28/11/2003

Opposition parties dismiss Labour's 'Big Conversation'

The Opposition parties have slammed the government's 'Big Conversation' campaign, launched today, as a "very public admission of failure".

Prime Minister Tony Blair launched the campaign during a speech at Newport, south Wales, where he called for an "honest, serious debate about the future".

Labour also published a 77-page dossier on the big issues facing the country which, it said, was designed to open up government to voters in the biggest consultation of its type.

However, speaking in response to the launch, Co-chairman of the Conservative Party, Dr Liam Fox MP, said: “Tony Blair seems to want to be anywhere but Parliament at the present time, which is understandable as he is being beaten up by Michael Howard and set upon by his own backbenchers.

“Voters don’t want a conversation with Tony Blair they want an explanation from him – they want to know why their taxes have gone up and why they have not had the delivery on health, education, pensions or transport that they were promised.

“This is another example of the government trying to detract attention from their failures.
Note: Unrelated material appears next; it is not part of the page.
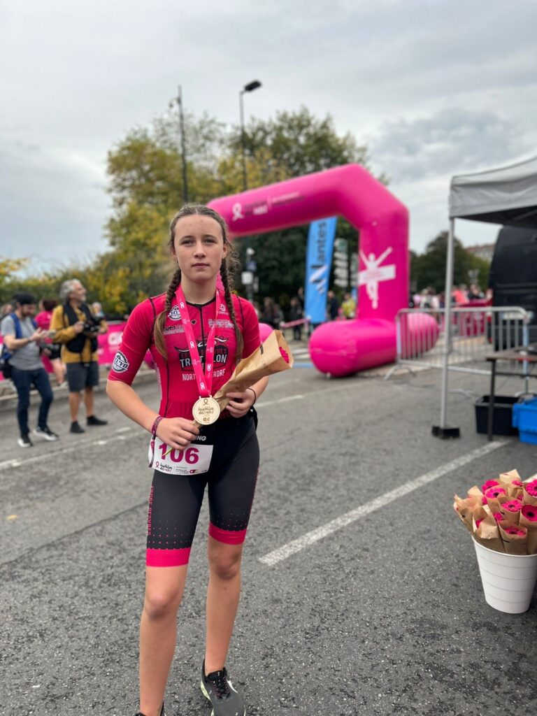 Ce dimanche 19 octobre, la jeune Melyna remplaçait Amélie au triathlon des Roses à Nantes avec la tenue de circonstance! Une natation en piscine, suivie d’un parcours vélo sur les quais et une course à pied urbaine. Cet évènement sportif et solidaire était co-organisé par la Fondation ARC pour la recherche sur le cancer et le Triathlon Club Nantais. Le Triathlon des Roses est un événement sportif de collecte dédié à la recherche sur les cancers du sein à l’occasion d’Octobre Rose. Amélie avait auparavant collecté des fonds pour soutenir des projets de recherche sur les cancers du sein, avant de passer le relais à Melyna pour la partie sportive. Côté classement, notre jeune pirate n’a pas démérité puisqu’elle termine première de sa catégorie et 60ème au scratch sur 299.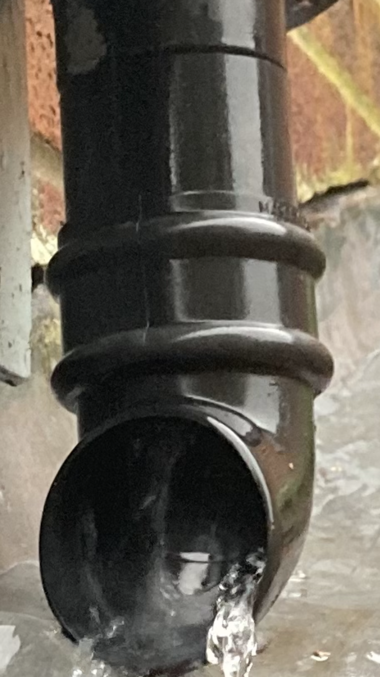 This time the bottom curved part corner downpipe (?) came away in front of my eyes in heavy rain. Tried to fix it back but aware it’s not at the right angle. It was the only way it would stay on.

This kind of spin and gimmick will not fool the voters any longer. The Prime Minister having been in government for six-and-a-half years has no solutions and does not even know what the problems are."

The Lib Dems were also dismissive of the plan, with Liberal Democrat Party Chair, Matthew Taylor, saying that the public's response to the campaign would have no impact whatsoever on government policy – irrespective of the scale of dissent.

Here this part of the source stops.